Illustration: John Gushue Dot Dot Dot (click to read his post)

At this point in the early ’90s before the age of streaming and the Internet, the way indie musicians got their music out other than through rigourous live playing, was in the production of cheaply made cassettes that were distributed on a sort of guerrilla marketing level. International chart botherers Barenaked Ladies who came out of similar origins in Toronto began in this very vein around that same time, with their celebrated “yellow tape” EP. Grand Opera Lane was Sexsmith’s answer to that strategy.

In working with Bob Wiseman who served as producer, and in having Blue Rodeo singer, guitarist, and songwriter Greg Keelor as a guest on one song (“Gonna Get What’s Mine”), it was hoped that the record would gain the attention of the majors.

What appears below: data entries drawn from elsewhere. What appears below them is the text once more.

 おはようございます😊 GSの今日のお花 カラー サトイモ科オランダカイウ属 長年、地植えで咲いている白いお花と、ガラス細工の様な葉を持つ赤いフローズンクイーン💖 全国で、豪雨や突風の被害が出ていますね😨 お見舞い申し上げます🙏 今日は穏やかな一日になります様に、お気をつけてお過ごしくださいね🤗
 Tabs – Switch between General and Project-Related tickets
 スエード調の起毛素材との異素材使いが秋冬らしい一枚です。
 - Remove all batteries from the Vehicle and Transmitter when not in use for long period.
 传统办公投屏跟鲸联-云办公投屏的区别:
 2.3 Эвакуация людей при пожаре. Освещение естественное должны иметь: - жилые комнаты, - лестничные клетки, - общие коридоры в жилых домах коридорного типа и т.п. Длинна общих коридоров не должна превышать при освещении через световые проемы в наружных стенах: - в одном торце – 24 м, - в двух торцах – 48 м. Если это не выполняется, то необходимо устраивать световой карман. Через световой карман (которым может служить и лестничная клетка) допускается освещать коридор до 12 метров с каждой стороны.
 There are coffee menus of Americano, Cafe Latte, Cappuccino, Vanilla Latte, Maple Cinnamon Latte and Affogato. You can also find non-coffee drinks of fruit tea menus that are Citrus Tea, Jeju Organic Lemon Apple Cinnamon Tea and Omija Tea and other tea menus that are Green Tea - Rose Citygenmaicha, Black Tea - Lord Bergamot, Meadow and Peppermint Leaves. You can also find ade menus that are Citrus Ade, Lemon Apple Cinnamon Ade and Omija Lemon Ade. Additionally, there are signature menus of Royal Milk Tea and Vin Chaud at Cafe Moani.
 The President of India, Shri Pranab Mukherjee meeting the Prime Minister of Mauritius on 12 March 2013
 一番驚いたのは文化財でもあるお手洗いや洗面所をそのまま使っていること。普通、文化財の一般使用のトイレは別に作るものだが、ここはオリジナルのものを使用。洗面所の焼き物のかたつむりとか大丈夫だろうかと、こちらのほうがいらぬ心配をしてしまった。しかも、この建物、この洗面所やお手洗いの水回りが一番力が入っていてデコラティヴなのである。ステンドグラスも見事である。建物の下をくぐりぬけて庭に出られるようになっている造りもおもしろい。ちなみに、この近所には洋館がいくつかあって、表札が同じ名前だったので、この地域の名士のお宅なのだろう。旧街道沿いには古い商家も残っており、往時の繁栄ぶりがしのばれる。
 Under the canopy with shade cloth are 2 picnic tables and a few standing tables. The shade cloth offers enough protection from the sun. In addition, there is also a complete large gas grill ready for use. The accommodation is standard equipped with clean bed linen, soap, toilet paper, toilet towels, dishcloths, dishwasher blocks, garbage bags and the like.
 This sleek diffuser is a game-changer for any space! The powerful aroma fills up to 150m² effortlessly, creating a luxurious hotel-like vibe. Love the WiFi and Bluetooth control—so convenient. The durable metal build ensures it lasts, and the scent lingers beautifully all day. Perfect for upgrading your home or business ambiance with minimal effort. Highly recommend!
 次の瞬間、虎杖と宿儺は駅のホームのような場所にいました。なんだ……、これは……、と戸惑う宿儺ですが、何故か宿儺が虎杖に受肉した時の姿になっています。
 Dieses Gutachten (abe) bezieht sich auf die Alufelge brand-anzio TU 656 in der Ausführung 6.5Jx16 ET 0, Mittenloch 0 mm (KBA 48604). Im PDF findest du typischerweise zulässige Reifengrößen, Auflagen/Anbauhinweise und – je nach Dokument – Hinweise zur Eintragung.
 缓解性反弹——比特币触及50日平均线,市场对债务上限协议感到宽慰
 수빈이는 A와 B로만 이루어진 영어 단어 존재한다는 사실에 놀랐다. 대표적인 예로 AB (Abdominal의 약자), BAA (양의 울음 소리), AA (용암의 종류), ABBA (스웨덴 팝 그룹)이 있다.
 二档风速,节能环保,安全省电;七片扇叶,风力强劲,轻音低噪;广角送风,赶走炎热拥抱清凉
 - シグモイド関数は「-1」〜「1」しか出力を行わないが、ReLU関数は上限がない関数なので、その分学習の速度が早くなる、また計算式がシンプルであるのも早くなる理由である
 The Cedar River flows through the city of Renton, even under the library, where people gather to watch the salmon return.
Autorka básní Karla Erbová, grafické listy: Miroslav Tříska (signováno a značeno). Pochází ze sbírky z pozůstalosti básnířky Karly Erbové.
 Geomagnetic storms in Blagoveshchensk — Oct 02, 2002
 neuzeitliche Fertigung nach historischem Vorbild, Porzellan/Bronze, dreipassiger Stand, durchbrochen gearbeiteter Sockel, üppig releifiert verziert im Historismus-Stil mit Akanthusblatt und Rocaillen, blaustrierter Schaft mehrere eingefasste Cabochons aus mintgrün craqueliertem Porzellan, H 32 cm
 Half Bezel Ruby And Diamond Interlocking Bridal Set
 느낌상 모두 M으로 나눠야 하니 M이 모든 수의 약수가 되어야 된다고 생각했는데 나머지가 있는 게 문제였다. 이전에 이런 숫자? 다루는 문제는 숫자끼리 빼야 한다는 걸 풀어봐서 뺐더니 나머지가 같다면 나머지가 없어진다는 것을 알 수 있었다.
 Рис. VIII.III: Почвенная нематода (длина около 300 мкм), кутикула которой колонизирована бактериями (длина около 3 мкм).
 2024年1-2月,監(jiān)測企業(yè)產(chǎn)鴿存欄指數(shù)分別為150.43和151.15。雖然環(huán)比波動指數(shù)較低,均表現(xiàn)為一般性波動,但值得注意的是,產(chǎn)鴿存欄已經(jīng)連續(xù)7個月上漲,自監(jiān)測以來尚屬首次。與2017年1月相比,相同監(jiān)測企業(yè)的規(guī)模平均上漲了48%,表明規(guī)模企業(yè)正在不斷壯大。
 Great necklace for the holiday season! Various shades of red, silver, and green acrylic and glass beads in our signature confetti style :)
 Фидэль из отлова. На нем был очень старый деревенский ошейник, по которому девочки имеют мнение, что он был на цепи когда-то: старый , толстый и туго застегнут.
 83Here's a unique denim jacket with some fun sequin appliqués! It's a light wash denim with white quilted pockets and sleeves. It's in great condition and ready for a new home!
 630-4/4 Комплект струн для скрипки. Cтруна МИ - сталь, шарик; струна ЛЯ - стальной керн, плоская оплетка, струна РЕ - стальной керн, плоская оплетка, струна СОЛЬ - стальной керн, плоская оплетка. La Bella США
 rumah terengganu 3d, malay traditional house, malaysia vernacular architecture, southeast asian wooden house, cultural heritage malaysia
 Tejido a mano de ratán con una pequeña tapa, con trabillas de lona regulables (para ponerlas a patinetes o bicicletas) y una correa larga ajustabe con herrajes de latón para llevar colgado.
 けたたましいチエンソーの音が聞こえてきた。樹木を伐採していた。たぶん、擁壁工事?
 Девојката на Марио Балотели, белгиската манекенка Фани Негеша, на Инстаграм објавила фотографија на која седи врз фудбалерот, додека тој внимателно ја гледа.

But, it wouldn’t happen – at least not with Grand Opera Lane. Even if wider recognition would be delayed, Sexsmith would still proceed to reveal his talent for compelling lyrical ideas and catchy melodies on this album. And “Don’t Mind Losing” is a prime example.

The song’s lyrics are decidedly downbeat. Yet, the music is defiantly contrary, a party tune with sadness and frustration hidden away behind a smile. It’s no wonder Elvis Costello, among others, would become a fan. And even if Sexsmith was working in a more straight-ahead rock ‘n’ roll vein on this song, and on many of the other songs on the album, songs like “Trains”, and of course an early version of “Speaking With the Angel” would point in the direction that was calling him to become recognized as one of the most gifted songwriters our country has yet produced.

For more information about this song and the other songs on the album, check out the excellent short sleeve notes on Grand Opera Lane, written by Ron Sexsmith himself.

And just as we wished David Bowie a happy birthday this past January 8th, we wish the same for Ron, who was also born on that date (along with Elvis Presley, no less).